Binance CEO wrote about the type of Bailouts

As the executive explains, “bailout” can have different meanings to different people. And as with most things in the real world, it’s not a binary situation, and some companies don’t deserve bailouts. These include poorly designed with no product-market fit, poorly managed, or poorly operated – in other words, “bad” projects inflated by creative marketing and Ponzi schemes.

Binance CEO Changepeng Zhao (CZ) has stated that his exchange did not bailout Three Arrows Capital 3AC from its crash.

Rather, consumer education is “the best protection” against such projects. He stated that education on financial literacy, risk management, diversification, and, most importantly, how to evaluate fundamentals is a responsibility of the industry players, schools, and governments.

On the other hand, projects that make “small mistakes” but otherwise have sound business models and good teams may otherwise deserve a bailout. These projects usually have some good qualities: product-market fit, generating revenue in normal market conditions, sound business models, decent teams, etc. but might have a spending problem.

Some projects will survive, but barely. They are tight on cash. They don’t have a sufficient budget to grow healthily anymore. So due to their situations, they deserve a “bailout” in cash injection or explore acquisition possibilities.
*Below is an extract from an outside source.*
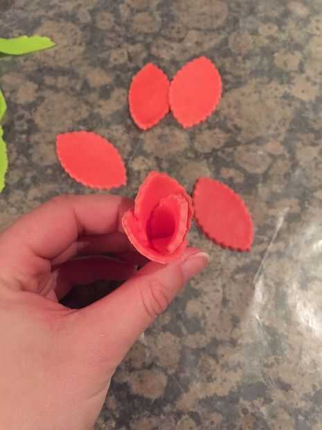 -Coloque la flor terminada en una taza, de pie. Deje las flores un par de horas para que el fondant endurezca.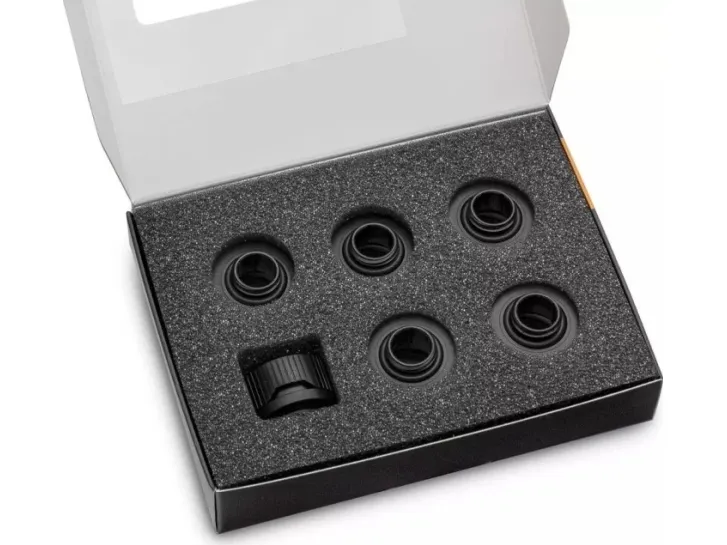 EK-Quantum Torque 6-Pack HDC 16 is a fitting multipack containing six EK-Quantum Torque HDC fittings. These are EK's premium 16mm hard-tube compression fittings designed for use with solid tubing such as Acrylic and PETG. With a non-intrusive, yet striking look, and with NO added branding at all. They can be complemented by interchangeable aesthetic color rings, and are an ideal choice for anyone and a perfect match with EK-Quantum series products. To make sure they are undamaged in transport, they are packed in a box cushioned in black foam.

Many troubled companies approached Binance in recent weeks – all expectedly claiming to be in the third category. This forced Binance to carefully examine them and begin making nuanced decisions for each. “There is some subjectiveness to it,” said CZ.

Binance CEO Changepeng Zhao (CZ) also talked about Leverage

The CEO also wrote about Leverage in the crypto industry, whereby companies take out loans using cryptocurrency as collateral, often multiplying their position.

Leverage was central to June’s market meltdown, as multiple lending platforms saw their riskier loan positions approach liquidation while their crypto collateral tanked in value.

Celsius, for instance, was forced to indefinitely pause all withdrawals from the platform as it sourced liquidity to refinance its loan. Babel Finance was forced into a similar position shortly afterward due to its involvement with 3AC, which also took on multiple risky loans.

CZ distinguishes between two types of Leverage within the crypto ecosystem: Fast and slow.

Fast Leverage is often related to futures products trading on centralized exchanges. If there’s any liquidation cascade, it tends to begin and end very quickly with this Leverage. For example, on March 12, 2020, Bitcoin crashed from $8000 to $3000 in a single day due to this Leverage but quickly recovered.

On the other hand, today’s market seems to be plagued by slow Leverage – where funds lend to other funds and Defi protocols to invest. The cascading effect of this Leverage can often spread much more slowly while also taking longer to admit to by troubled platforms.

“So far, I believe the blockchain industry has shown tremendous resilience. If two years ago, on March 12, 2020, you told me bitcoin’s price would be $20,000 in June 2022, I would be pretty happy. So, why not zoom out for a more balanced perspective?” “I believe we have not seen the end of these yet,” concluded CZ.